◆ **About this exercise**: Return each line of the listing that follows in which the string "timeless" can be found.
Given entries START
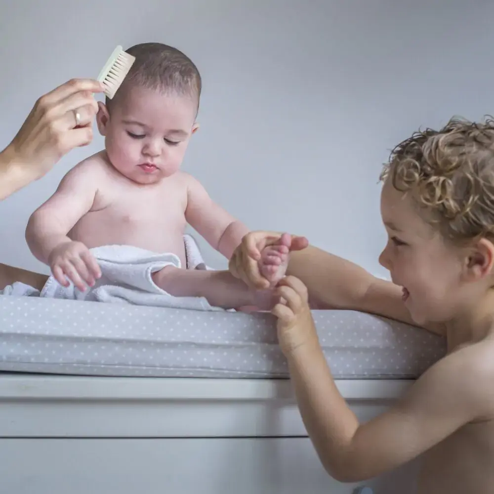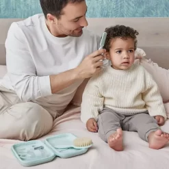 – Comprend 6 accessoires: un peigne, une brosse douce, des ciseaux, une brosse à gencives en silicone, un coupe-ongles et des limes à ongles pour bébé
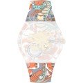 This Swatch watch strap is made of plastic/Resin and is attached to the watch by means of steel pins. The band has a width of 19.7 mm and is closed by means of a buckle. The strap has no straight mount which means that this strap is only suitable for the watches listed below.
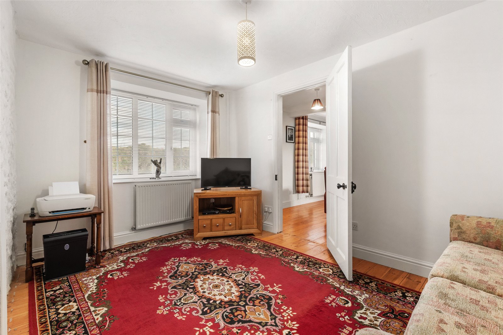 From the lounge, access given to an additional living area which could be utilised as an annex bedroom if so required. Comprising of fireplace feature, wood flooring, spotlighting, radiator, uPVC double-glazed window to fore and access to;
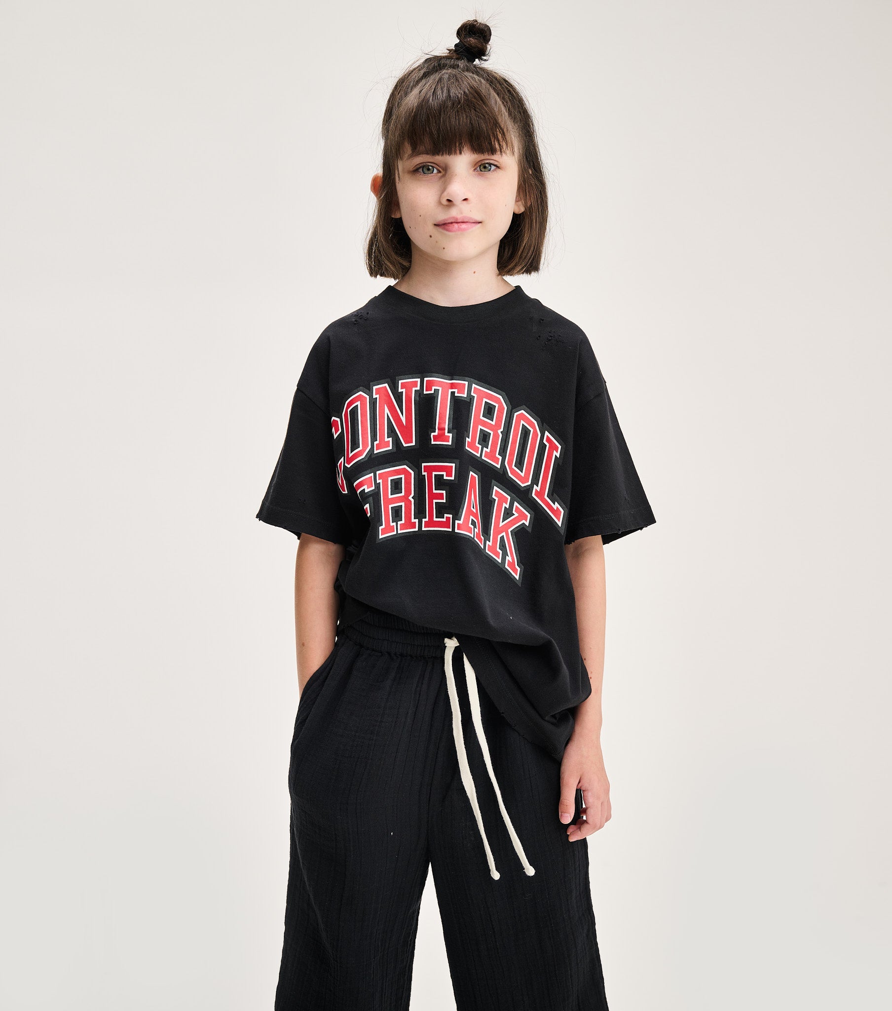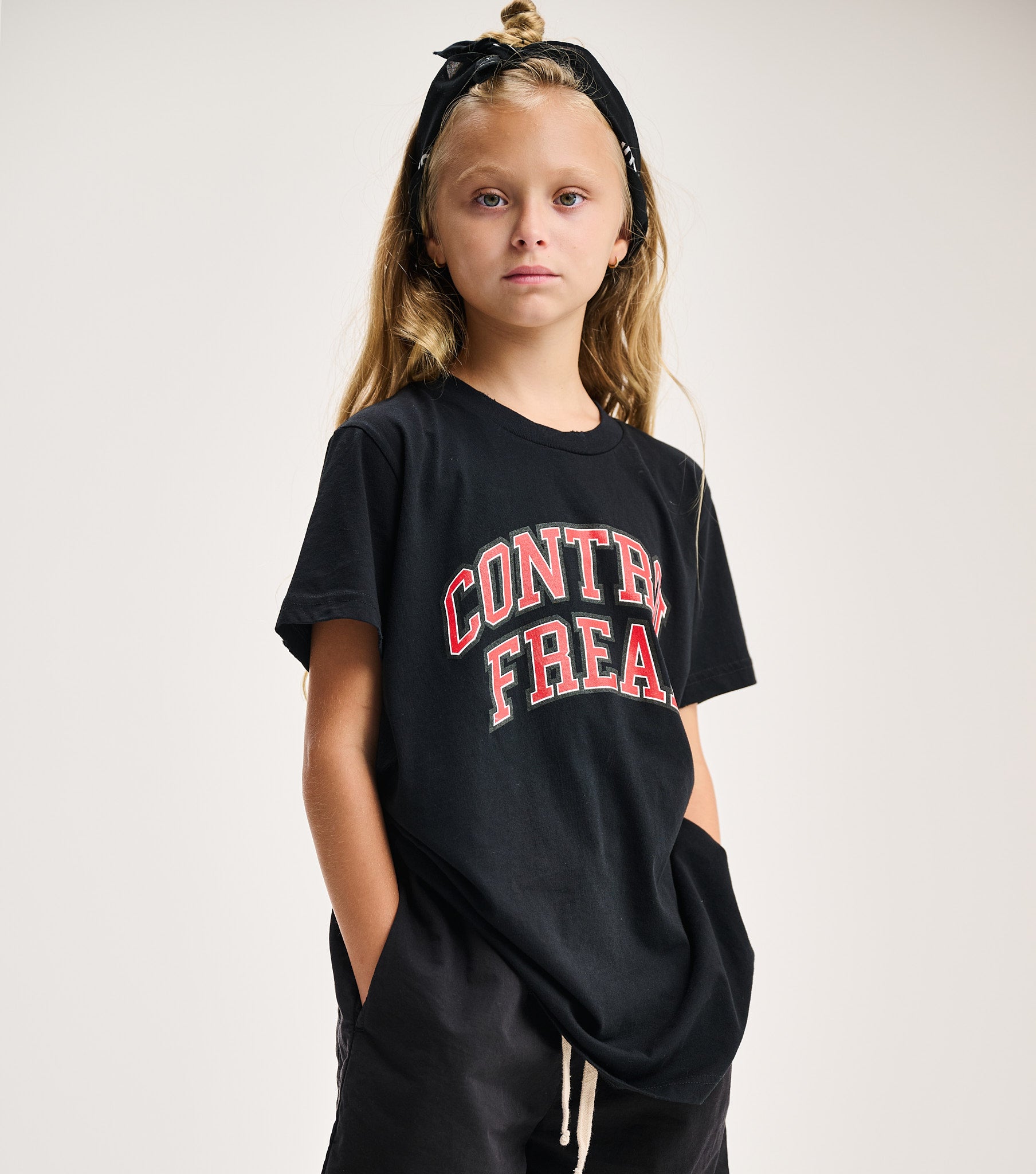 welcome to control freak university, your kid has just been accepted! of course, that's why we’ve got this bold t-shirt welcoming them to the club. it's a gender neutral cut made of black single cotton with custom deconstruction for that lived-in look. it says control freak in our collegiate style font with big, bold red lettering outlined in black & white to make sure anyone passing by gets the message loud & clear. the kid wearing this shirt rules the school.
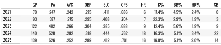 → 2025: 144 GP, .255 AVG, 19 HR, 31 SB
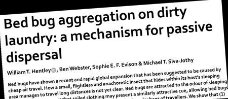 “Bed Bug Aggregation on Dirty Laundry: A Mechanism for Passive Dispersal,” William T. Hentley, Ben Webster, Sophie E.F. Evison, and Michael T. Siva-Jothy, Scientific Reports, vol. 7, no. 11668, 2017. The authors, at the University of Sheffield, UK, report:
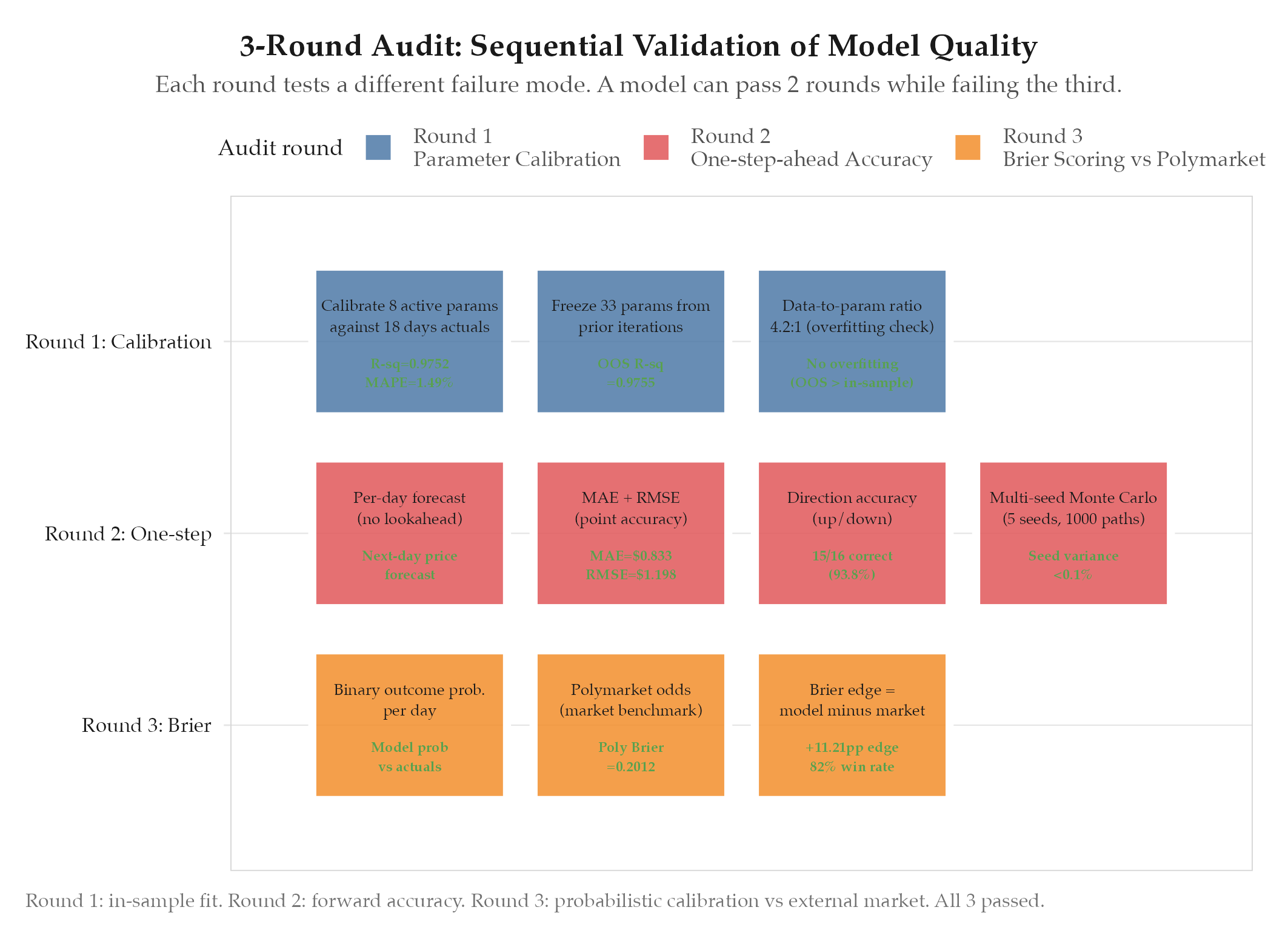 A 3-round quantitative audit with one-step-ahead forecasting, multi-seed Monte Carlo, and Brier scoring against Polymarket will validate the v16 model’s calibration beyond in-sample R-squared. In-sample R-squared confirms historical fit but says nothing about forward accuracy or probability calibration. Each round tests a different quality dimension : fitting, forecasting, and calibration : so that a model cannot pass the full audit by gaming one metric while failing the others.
Given entries END
Given entries START
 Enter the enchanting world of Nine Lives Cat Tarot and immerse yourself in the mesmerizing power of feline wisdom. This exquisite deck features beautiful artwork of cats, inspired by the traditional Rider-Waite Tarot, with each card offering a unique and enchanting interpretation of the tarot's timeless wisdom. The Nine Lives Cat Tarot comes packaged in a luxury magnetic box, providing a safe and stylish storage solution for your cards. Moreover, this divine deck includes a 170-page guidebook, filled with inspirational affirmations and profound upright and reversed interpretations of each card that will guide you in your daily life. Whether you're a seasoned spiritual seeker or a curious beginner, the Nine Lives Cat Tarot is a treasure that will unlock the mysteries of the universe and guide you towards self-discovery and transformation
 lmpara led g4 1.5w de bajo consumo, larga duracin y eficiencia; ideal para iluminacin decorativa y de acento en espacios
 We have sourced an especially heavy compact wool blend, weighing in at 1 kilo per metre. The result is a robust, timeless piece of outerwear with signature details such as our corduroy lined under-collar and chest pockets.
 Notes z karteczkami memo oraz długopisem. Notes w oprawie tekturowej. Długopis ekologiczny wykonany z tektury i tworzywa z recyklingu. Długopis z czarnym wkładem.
Given entries END
◆ **Written response**:
 Enter the enchanting world of Nine Lives Cat Tarot and immerse yourself in the mesmerizing power of feline wisdom. This exquisite deck features beautiful artwork of cats, inspired by the traditional Rider-Waite Tarot, with each card offering a unique and enchanting interpretation of the tarot's timeless wisdom. The Nine Lives Cat Tarot comes packaged in a luxury magnetic box, providing a safe and stylish storage solution for your cards. Moreover, this divine deck includes a 170-page guidebook, filled with inspirational affirmations and profound upright and reversed interpretations of each card that will guide you in your daily life. Whether you're a seasoned spiritual seeker or a curious beginner, the Nine Lives Cat Tarot is a treasure that will unlock the mysteries of the universe and guide you towards self-discovery and transformation
 We have sourced an especially heavy compact wool blend, weighing in at 1 kilo per metre. The result is a robust, timeless piece of outerwear with signature details such as our corduroy lined under-collar and chest pockets.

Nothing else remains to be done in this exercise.